You know, and and so for me, I'm always a proponent of people arming their struggles, their communities, because I know.
So as far as I'm convinced, there's always going to be a necessity.
But it's like you begin to realize it takes many forms of struggles.
That's why I like the whole thing.
Like with the with a lot of the anarchist influence struggles here.
You know, we from the convergence is to the to the spokes, count of spokes, councils, all these other things.
Like diversity of tactics and all this other stuff is like we figure out ways of like.
Carrying these struggles in ways that we really think they need to be carried out, you know, and don't nobody come tell me that I cannot.
Defend my community by any means necessary.
I'm not going to tell you that.
You can't block that bridge, you know?
But maybe we can you we can figure out a way you can block the bridge at the same time.
I want to take over my community.
We might can.
Make that **** work.
You know how can.
On stuff, you know, understanding that this system still.
Is not gonna allow us to do **** that's going to threaten this power.
But we want to live.
You know, as dangerous as it is to take that step and say I'm going to.
Confront these people.
With all their new technology, their their terrifying weapons.

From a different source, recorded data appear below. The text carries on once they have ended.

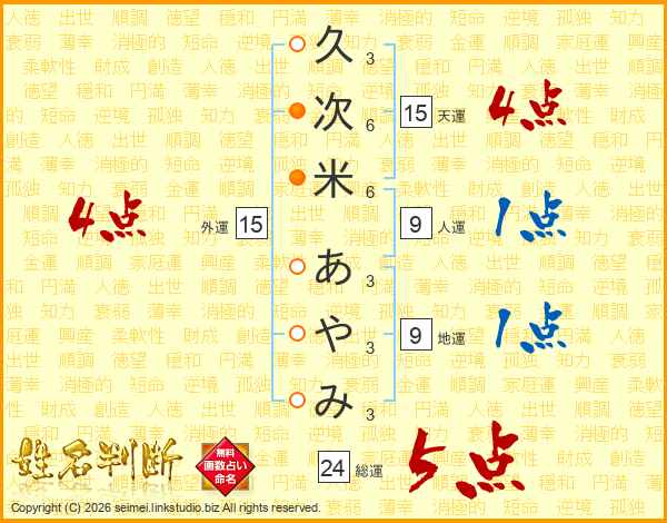 久(3画)次(6画)米(6画) あ(3画)や(3画)み(3画)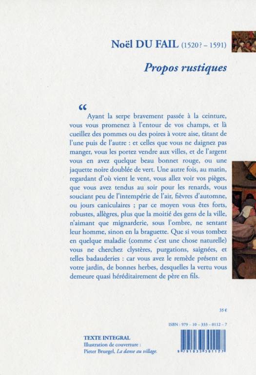 « Ayant la serpe bravement passée à la ceinture, vous vous promenez à l'entour de vos champs, et là cueillez des pommes ou des poires à votre aise, tâtant de l'une puis de l'autre : et celles que vous ne daignez pas manger, vous les portez vendre aux villes, et de l'argent vous en avez quelque beau bonnet rouge, ou une jaquette noire doublée de vert. Une autre fois, au matin, regardant d'où vient le vent, vous allez voir vos pièges, que vous avez tendus au soir pour les renards, vous souciant peu de l'intempérie de l'air, fièvres d'automne, ou jours caniculaires ; par ce moyen vous êtes forts, robustes, allègres, plus que la moitié des gens de la ville, n'aimant que mignarderie, sous l'ombre, ne sentant leur homme, sinon en la braguette. Que si vous tombez en quelque maladie (comme c'est une chose naturelle) vous ne cherchez clystères, purgations, saignées, et telles badauderies : car vous avez le remède présent en votre jardin, de bonnes herbes, desquelles la vertu vous demeure quasi héréditairement de père en fils.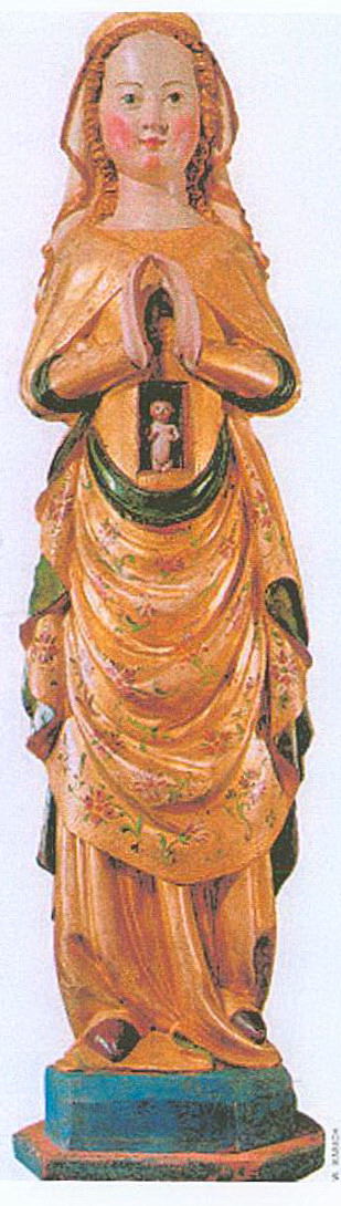 The historian found three sculptures of the Blessed Virgin Mary, each with an opening in the stomach,where the viewer could see a miniature carving of the unborn Christ Child. Such sculptures were highly valued devotional objects in the 14th and 15th centuries. In the 19th century, this type of devotional image no longer spoke to the souls of the sisters in the same way, so they hung a cloth over the stomach opening, or they nailed the opening closed. Since the covering for one of these Marian figures was missing, it was put away in a remote cell, where it stayed to the present time.

Like he also says, you know, the spirit of the people is greater than man's technology. You know, I do believe that, you know, the people can defeat the most ferocious monster in the world. We can do this.
We just need to really see how much is available to us in terms of the fight back.
In with SE as one of the things that's very prevalent in Mexico is the self hate of the indigenous people.
There's a lot of people who deny their indigenous blood.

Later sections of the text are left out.